В июле, когда немцы всё ближе подходили к Краснодону, и звучные, и страшные отголоски ближних и дальних боёв беспрерывно перекатывались в душном воздухе, эвакуация оказалась неизбежной. Многие семьи спешно грузили свои вещи на телеги, но на всех и на всё телег не хватало, поэтому некоторые, собирая только самое необходимое в чемоданы, шли и пешком…

Впрочем, для Кошевых нашлась хорошая телега. Погрузкой занимались: Олежка, Елена Николаевна, бабушка Вера, а также дядя Олежки — Николай Николаевич Коростылёв.

Но получилось так, что уже перед самым отъездом у бабушки Веры обнаружился желудочный тиф. И, хотя она крепилась, и даже старалась показать себя весёлым — уже ясно было, что никуда она в тряской телеге поехать не сможет. И, конечно, Елена Николаевна не могла оставить свою мать, такую разом ослабшую, в этом большом доме, который вскоре должны были занять немцы. Ведь кто же присмотрит за ней? Кому она, беспомощная, нужна в этой страшной суматохе?

Тогда Елена Николаевна, тщетно стараясь удержалась слёзы, распрощалась со своим милым Олежкой, который и не скрывал слёз. Он уселся на телегу, рядом со своим дядей Николаем Коростылёвым, и пообещал маме, что обязательно вернётся с «нашими войсками»; и, по его разумению, это должно было произойти в самые ближайшие дни.

И вот они выехали…

Передвигались медленно, по запруженной беженцами дороге.

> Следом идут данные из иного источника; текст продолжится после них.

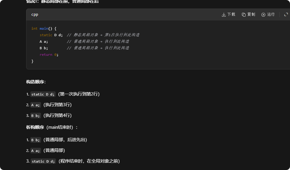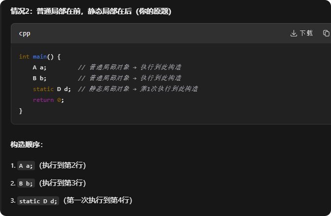 普通局部变量和普通静态局部变量,首先普通局部变量的构造顺序看main函数内部进行定义初始化的顺序,谁先定义初始化谁就先构造,相反,先构造的后析构,后构造的先析构;
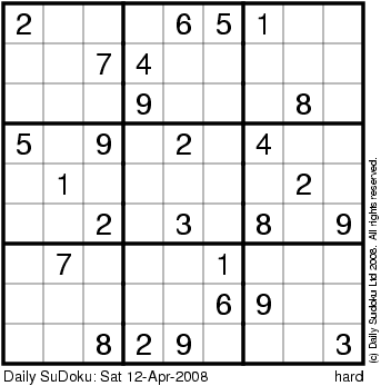 The Daily SuDoku: Sat 12-Apr-2008

Со всех сторон — несчастные люди, которые ничего не ведают о своём завтрашнем дне, и даже не знают, будут ли они в этот следующий день живы. И, на самом деле, многие из них так и не дожили до следующего дня…

И все эти люди уже привыкли к беспрерывному грохоту: отзвуку близких и дальних боёв; и к рокоту самолётов, как Советских, так и вражьих; где-то самолёты стреляли и бомбили, но пока что Олег не видел последствий подобных обстрелов.

Они подъезжали к селу Николаевка, когда Олежкин дядя Коростылёв сказал:

— Гроза будет!

И Олежка, который всё это время смотрел прямо перед собой своими большими, сейчас печальными глазами, и всё вспоминал маму и бабушку, и очень волновался за них; размышляя, захватили родной город немцы — он не сразу понял, о чём говорит его дядя.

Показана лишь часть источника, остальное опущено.